[Aim of the exercise] Copy the complete listing word for word, but do not carry over any images.

[Data extracts]
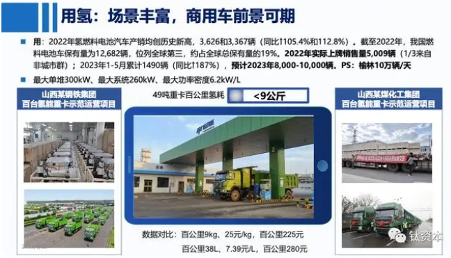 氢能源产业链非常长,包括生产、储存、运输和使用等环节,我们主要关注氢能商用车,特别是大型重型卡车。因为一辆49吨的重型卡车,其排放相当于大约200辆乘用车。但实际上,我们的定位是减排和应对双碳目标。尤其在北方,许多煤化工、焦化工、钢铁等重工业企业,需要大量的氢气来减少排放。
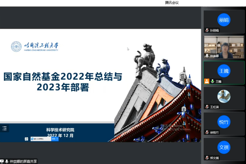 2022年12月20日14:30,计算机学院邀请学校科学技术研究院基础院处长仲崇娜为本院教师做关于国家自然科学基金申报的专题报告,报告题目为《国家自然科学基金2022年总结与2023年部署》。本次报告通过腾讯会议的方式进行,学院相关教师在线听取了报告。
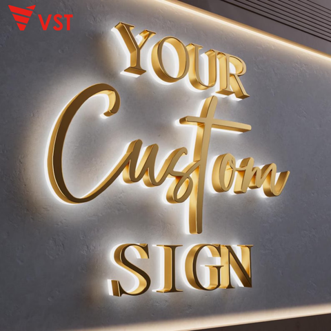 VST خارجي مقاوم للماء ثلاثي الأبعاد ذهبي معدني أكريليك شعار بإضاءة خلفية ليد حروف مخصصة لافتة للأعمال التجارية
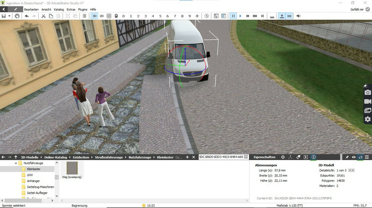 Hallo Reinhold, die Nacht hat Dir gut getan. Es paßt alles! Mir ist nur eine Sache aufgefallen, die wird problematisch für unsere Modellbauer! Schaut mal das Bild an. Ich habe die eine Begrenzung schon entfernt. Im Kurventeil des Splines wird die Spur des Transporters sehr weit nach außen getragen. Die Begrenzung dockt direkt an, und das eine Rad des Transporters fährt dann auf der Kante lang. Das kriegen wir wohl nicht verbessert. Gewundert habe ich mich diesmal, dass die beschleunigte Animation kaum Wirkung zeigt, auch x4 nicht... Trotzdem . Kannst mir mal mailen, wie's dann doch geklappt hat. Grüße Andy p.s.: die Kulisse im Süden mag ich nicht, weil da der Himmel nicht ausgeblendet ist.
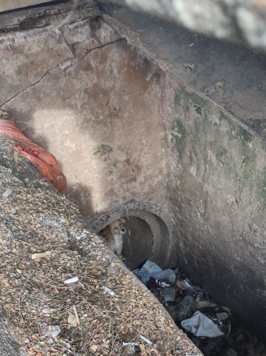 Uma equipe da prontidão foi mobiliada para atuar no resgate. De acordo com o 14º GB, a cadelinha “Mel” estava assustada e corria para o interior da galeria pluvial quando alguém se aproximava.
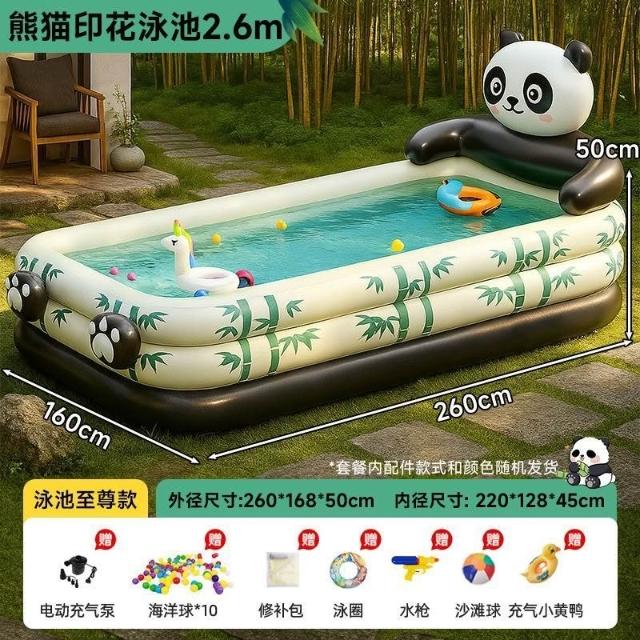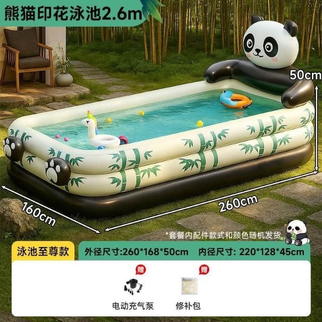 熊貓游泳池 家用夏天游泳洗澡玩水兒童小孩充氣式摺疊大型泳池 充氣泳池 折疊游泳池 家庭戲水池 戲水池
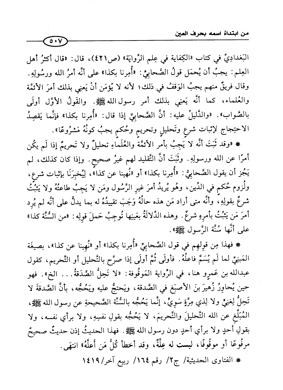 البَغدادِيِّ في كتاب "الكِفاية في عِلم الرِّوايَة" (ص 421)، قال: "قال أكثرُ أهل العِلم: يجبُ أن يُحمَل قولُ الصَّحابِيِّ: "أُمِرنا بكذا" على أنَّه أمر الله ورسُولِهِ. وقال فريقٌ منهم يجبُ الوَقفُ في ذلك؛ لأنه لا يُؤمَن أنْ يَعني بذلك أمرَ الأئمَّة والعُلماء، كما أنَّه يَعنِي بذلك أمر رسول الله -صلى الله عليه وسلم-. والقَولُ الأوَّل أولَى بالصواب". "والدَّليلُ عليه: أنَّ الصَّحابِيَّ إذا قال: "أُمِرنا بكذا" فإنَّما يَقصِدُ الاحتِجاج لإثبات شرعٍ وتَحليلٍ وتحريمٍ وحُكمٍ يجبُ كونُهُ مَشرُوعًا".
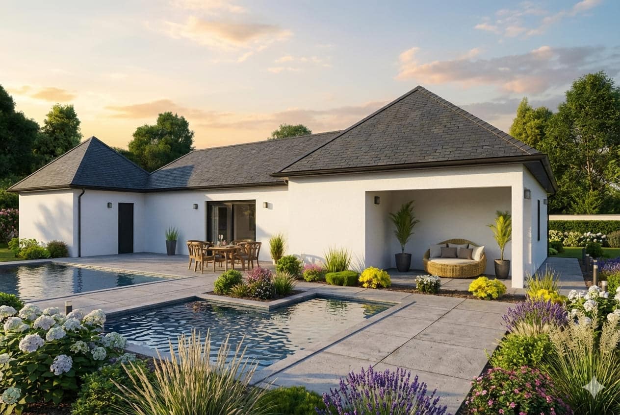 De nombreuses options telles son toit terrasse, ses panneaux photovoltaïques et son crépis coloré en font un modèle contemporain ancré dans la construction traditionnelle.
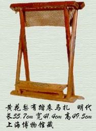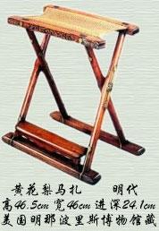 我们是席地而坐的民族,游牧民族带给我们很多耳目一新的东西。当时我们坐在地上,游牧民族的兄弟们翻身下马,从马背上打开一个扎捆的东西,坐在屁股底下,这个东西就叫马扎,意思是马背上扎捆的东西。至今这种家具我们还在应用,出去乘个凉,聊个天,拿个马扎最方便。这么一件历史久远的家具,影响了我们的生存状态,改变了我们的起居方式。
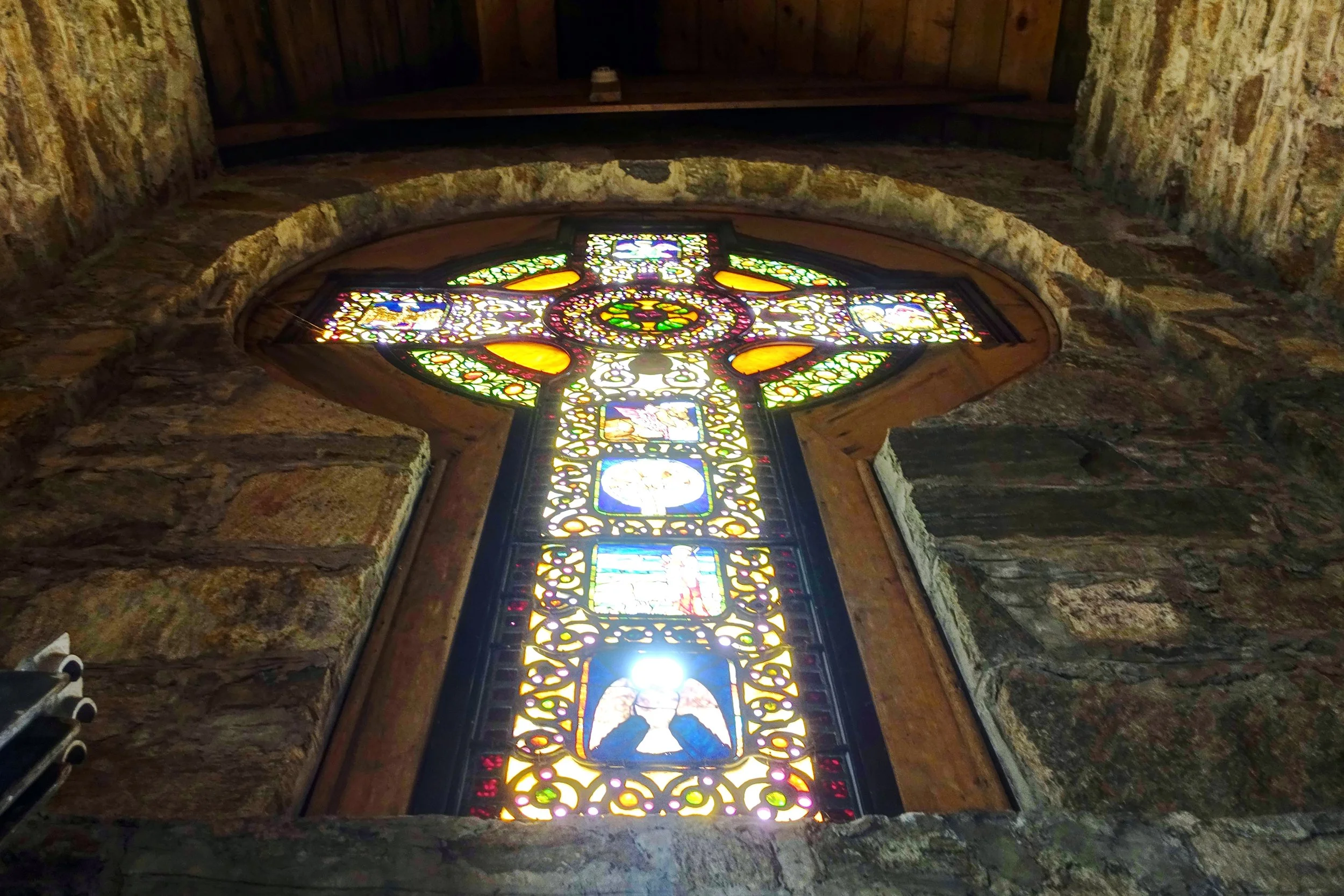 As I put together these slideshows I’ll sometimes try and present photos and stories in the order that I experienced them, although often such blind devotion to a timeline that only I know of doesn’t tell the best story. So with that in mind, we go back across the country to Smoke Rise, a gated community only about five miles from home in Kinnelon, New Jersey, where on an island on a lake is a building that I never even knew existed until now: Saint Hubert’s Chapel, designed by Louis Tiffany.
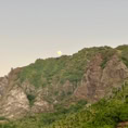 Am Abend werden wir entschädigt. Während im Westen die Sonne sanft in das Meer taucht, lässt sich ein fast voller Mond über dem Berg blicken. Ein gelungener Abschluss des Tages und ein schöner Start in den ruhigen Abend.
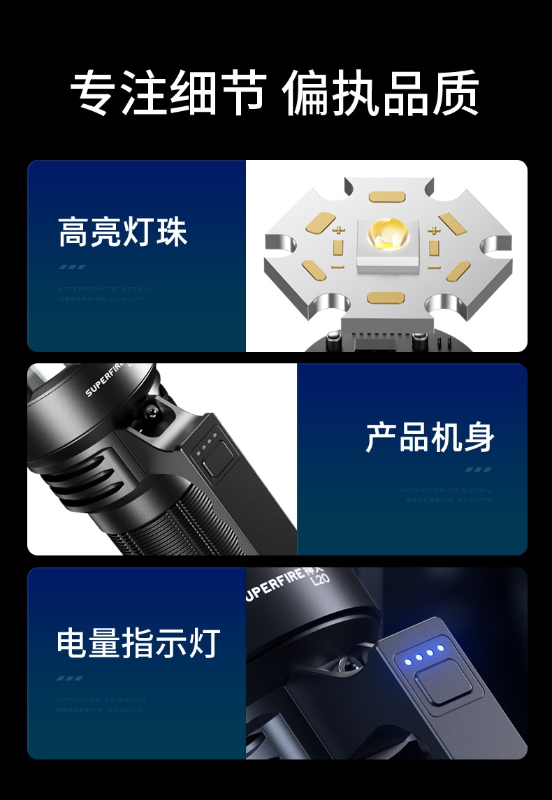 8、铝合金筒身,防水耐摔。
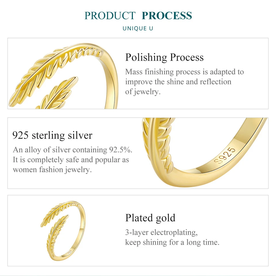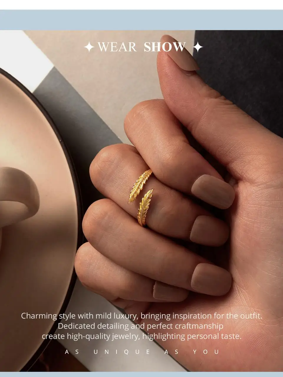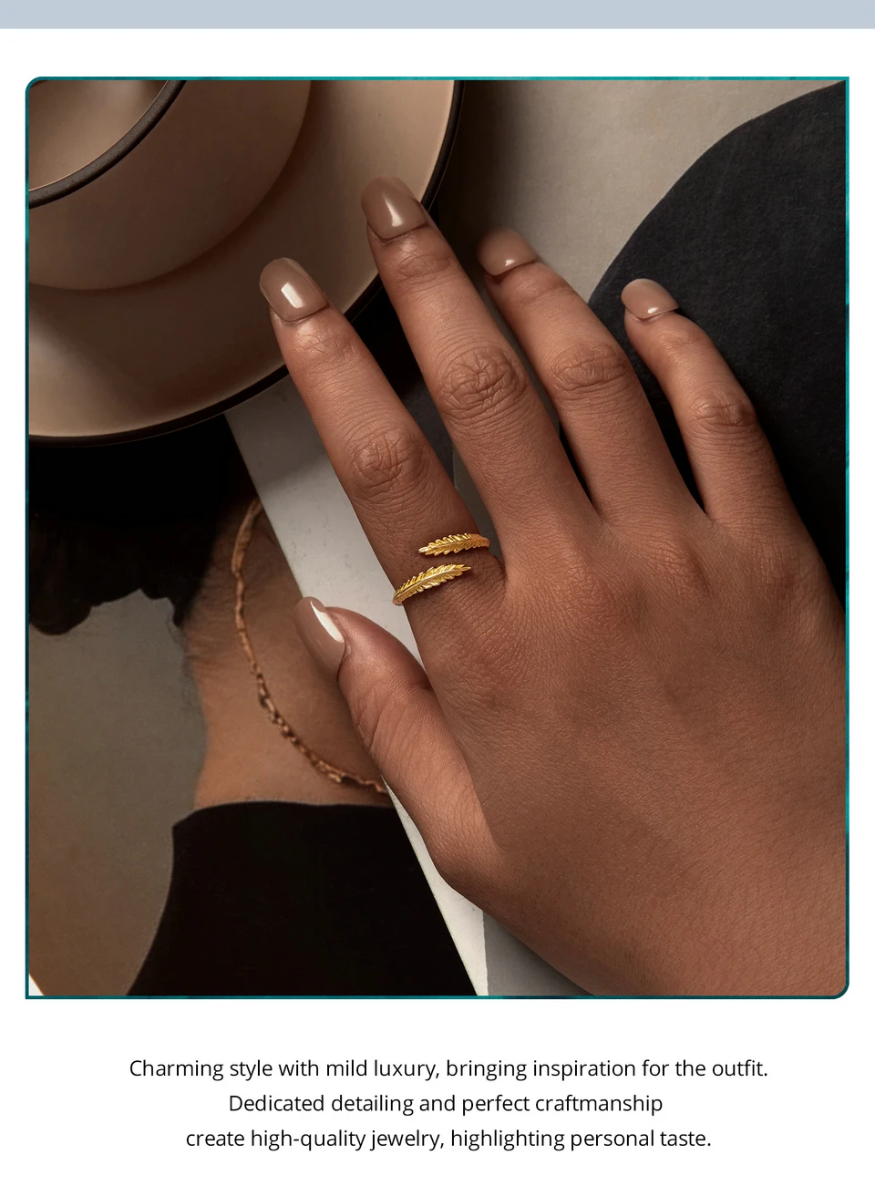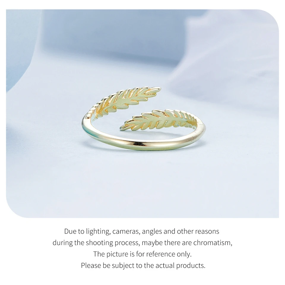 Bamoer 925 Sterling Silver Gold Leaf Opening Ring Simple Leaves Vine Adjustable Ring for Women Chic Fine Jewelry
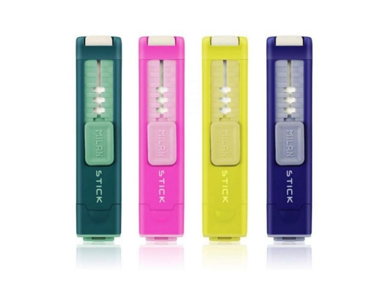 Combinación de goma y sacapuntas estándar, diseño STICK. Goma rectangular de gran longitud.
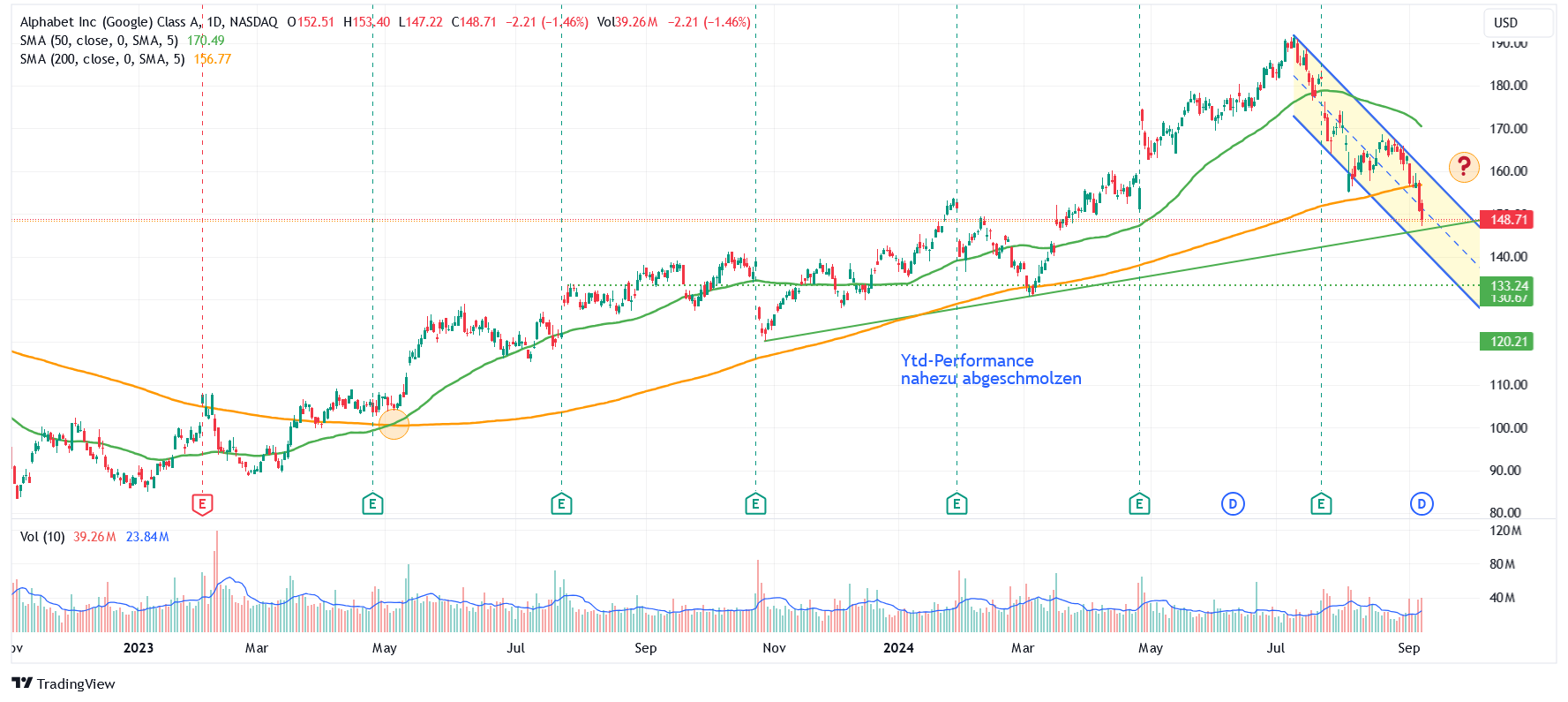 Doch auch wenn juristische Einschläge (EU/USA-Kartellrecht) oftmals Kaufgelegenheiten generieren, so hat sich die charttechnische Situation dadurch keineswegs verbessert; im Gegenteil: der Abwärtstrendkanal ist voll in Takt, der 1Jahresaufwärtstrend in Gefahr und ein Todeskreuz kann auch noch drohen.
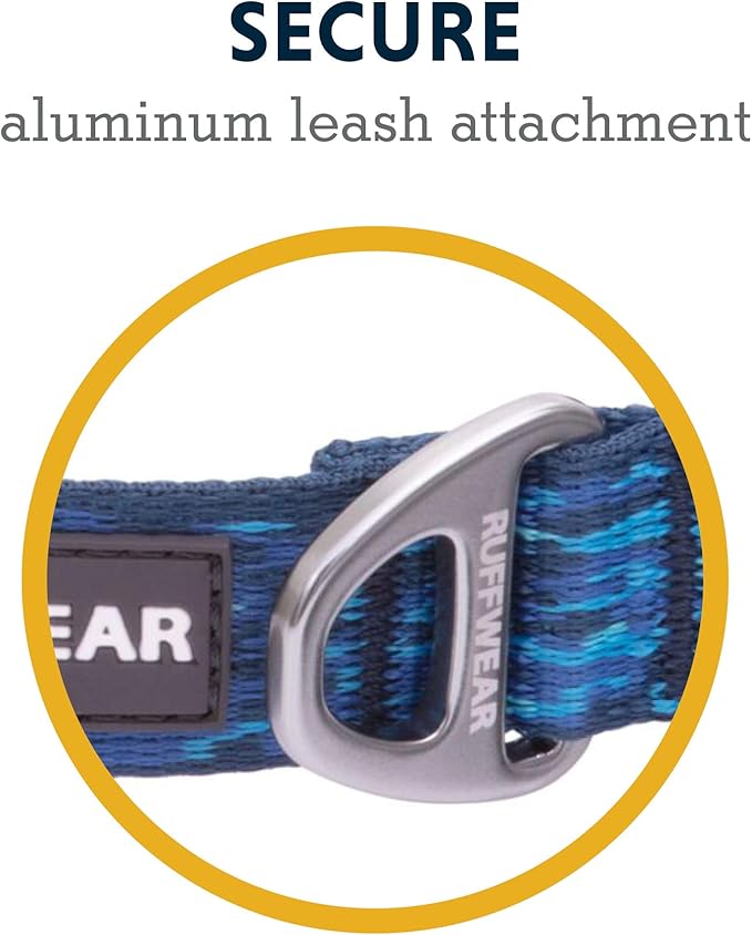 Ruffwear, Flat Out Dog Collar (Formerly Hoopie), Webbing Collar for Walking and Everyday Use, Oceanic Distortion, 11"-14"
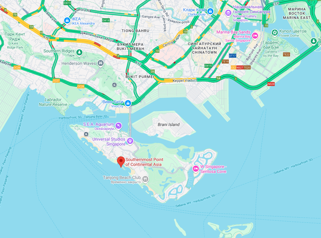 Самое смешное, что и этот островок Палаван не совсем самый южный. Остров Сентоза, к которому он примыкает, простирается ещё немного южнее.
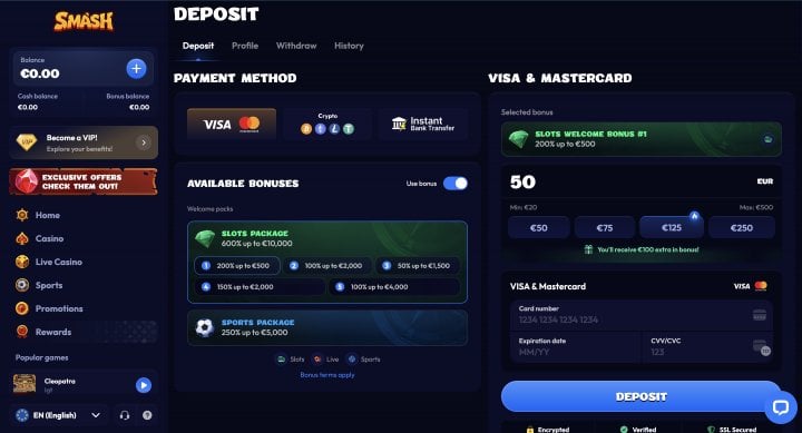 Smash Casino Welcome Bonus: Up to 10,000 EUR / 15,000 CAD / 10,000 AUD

[Finished task]
 氢能源产业链非常长,包括生产、储存、运输和使用等环节,我们主要关注氢能商用车,特别是大型重型卡车。因为一辆49吨的重型卡车,其排放相当于大约200辆乘用车。但实际上,我们的定位是减排和应对双碳目标。尤其在北方,许多煤化工、焦化工、钢铁等重工业企业,需要大量的氢气来减少排放。
 2022年12月20日14:30,计算机学院邀请学校科学技术研究院基础院处长仲崇娜为本院教师做关于国家自然科学基金申报的专题报告,报告题目为《国家自然科学基金2022年总结与2023年部署》。本次报告通过腾讯会议的方式进行,学院相关教师在线听取了报告。
 VST خارجي مقاوم للماء ثلاثي الأبعاد ذهبي معدني أكريليك شعار بإضاءة خلفية ليد حروف مخصصة لافتة للأعمال التجارية
 Hallo Reinhold, die Nacht hat Dir gut getan. Es paßt alles! Mir ist nur eine Sache aufgefallen, die wird problematisch für unsere Modellbauer! Schaut mal das Bild an. Ich habe die eine Begrenzung schon entfernt. Im Kurventeil des Splines wird die Spur des Transporters sehr weit nach außen getragen. Die Begrenzung dockt direkt an, und das eine Rad des Transporters fährt dann auf der Kante lang. Das kriegen wir wohl nicht verbessert. Gewundert habe ich mich diesmal, dass die beschleunigte Animation kaum Wirkung zeigt, auch x4 nicht... Trotzdem . Kannst mir mal mailen, wie's dann doch geklappt hat. Grüße Andy p.s.: die Kulisse im Süden mag ich nicht, weil da der Himmel nicht ausgeblendet ist.
 Uma equipe da prontidão foi mobiliada para atuar no resgate. De acordo com o 14º GB, a cadelinha “Mel” estava assustada e corria para o interior da galeria pluvial quando alguém se aproximava.
 熊貓游泳池 家用夏天游泳洗澡玩水兒童小孩充氣式摺疊大型泳池 充氣泳池 折疊游泳池 家庭戲水池 戲水池
 البَغدادِيِّ في كتاب "الكِفاية في عِلم الرِّوايَة" (ص 421)، قال: "قال أكثرُ أهل العِلم: يجبُ أن يُحمَل قولُ الصَّحابِيِّ: "أُمِرنا بكذا" على أنَّه أمر الله ورسُولِهِ. وقال فريقٌ منهم يجبُ الوَقفُ في ذلك؛ لأنه لا يُؤمَن أنْ يَعني بذلك أمرَ الأئمَّة والعُلماء، كما أنَّه يَعنِي بذلك أمر رسول الله -صلى الله عليه وسلم-. والقَولُ الأوَّل أولَى بالصواب". "والدَّليلُ عليه: أنَّ الصَّحابِيَّ إذا قال: "أُمِرنا بكذا" فإنَّما يَقصِدُ الاحتِجاج لإثبات شرعٍ وتَحليلٍ وتحريمٍ وحُكمٍ يجبُ كونُهُ مَشرُوعًا".
 De nombreuses options telles son toit terrasse, ses panneaux photovoltaïques et son crépis coloré en font un modèle contemporain ancré dans la construction traditionnelle.
 我们是席地而坐的民族,游牧民族带给我们很多耳目一新的东西。当时我们坐在地上,游牧民族的兄弟们翻身下马,从马背上打开一个扎捆的东西,坐在屁股底下,这个东西就叫马扎,意思是马背上扎捆的东西。至今这种家具我们还在应用,出去乘个凉,聊个天,拿个马扎最方便。这么一件历史久远的家具,影响了我们的生存状态,改变了我们的起居方式。
 As I put together these slideshows I’ll sometimes try and present photos and stories in the order that I experienced them, although often such blind devotion to a timeline that only I know of doesn’t tell the best story. So with that in mind, we go back across the country to Smoke Rise, a gated community only about five miles from home in Kinnelon, New Jersey, where on an island on a lake is a building that I never even knew existed until now: Saint Hubert’s Chapel, designed by Louis Tiffany.
 Am Abend werden wir entschädigt. Während im Westen die Sonne sanft in das Meer taucht, lässt sich ein fast voller Mond über dem Berg blicken. Ein gelungener Abschluss des Tages und ein schöner Start in den ruhigen Abend.
 8、铝合金筒身,防水耐摔。
 Bamoer 925 Sterling Silver Gold Leaf Opening Ring Simple Leaves Vine Adjustable Ring for Women Chic Fine Jewelry
 Combinación de goma y sacapuntas estándar, diseño STICK. Goma rectangular de gran longitud.
 Doch auch wenn juristische Einschläge (EU/USA-Kartellrecht) oftmals Kaufgelegenheiten generieren, so hat sich die charttechnische Situation dadurch keineswegs verbessert; im Gegenteil: der Abwärtstrendkanal ist voll in Takt, der 1Jahresaufwärtstrend in Gefahr und ein Todeskreuz kann auch noch drohen.
 Ruffwear, Flat Out Dog Collar (Formerly Hoopie), Webbing Collar for Walking and Everyday Use, Oceanic Distortion, 11"-14"
 Самое смешное, что и этот островок Палаван не совсем самый южный. Остров Сентоза, к которому он примыкает, простирается ещё немного южнее.
 Smash Casino Welcome Bonus: Up to 10,000 EUR / 15,000 CAD / 10,000 AUD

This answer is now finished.